Given records:
* * * * * * *

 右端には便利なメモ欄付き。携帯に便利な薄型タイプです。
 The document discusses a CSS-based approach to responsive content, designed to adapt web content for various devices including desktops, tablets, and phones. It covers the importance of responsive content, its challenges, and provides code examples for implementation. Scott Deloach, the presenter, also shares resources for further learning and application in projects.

* * * * * * *

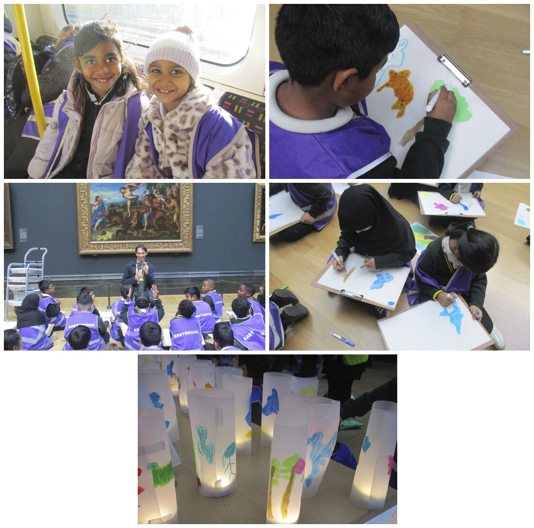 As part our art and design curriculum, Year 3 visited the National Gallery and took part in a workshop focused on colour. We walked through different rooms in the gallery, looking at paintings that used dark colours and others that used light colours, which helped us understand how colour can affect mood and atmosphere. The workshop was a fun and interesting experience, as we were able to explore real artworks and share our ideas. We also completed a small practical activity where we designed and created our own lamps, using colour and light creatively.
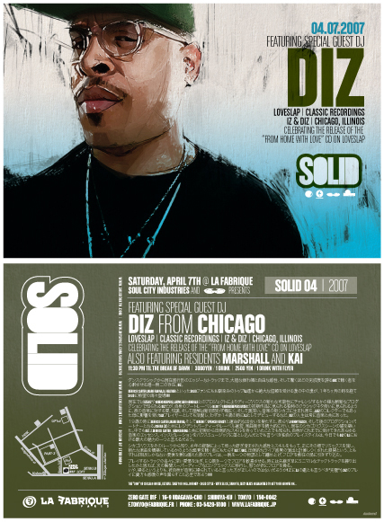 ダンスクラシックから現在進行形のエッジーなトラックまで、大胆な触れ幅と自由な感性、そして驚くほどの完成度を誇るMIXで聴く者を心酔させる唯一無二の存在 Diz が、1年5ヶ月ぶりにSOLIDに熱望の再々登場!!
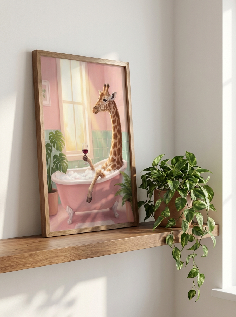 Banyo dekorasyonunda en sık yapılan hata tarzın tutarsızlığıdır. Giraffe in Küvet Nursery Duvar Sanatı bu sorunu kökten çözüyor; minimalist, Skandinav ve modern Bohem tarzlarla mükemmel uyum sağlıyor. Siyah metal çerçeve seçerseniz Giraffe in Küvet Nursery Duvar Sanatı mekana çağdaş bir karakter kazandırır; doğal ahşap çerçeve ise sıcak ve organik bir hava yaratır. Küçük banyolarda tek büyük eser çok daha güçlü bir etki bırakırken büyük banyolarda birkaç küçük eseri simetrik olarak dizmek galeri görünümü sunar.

* * * * * * *

Goal of the exercise:
Only the lines above from the one with "右端には便利なメモ欄付き。携帯に便利な薄型タイプです。" through the one with "The document discusses" should be duplicated, character for character.

Response area:
 右端には便利なメモ欄付き。携帯に便利な薄型タイプです。
 The document discusses a CSS-based approach to responsive content, designed to adapt web content for various devices including desktops, tablets, and phones. It covers the importance of responsive content, its challenges, and provides code examples for implementation. Scott Deloach, the presenter, also shares resources for further learning and application in projects.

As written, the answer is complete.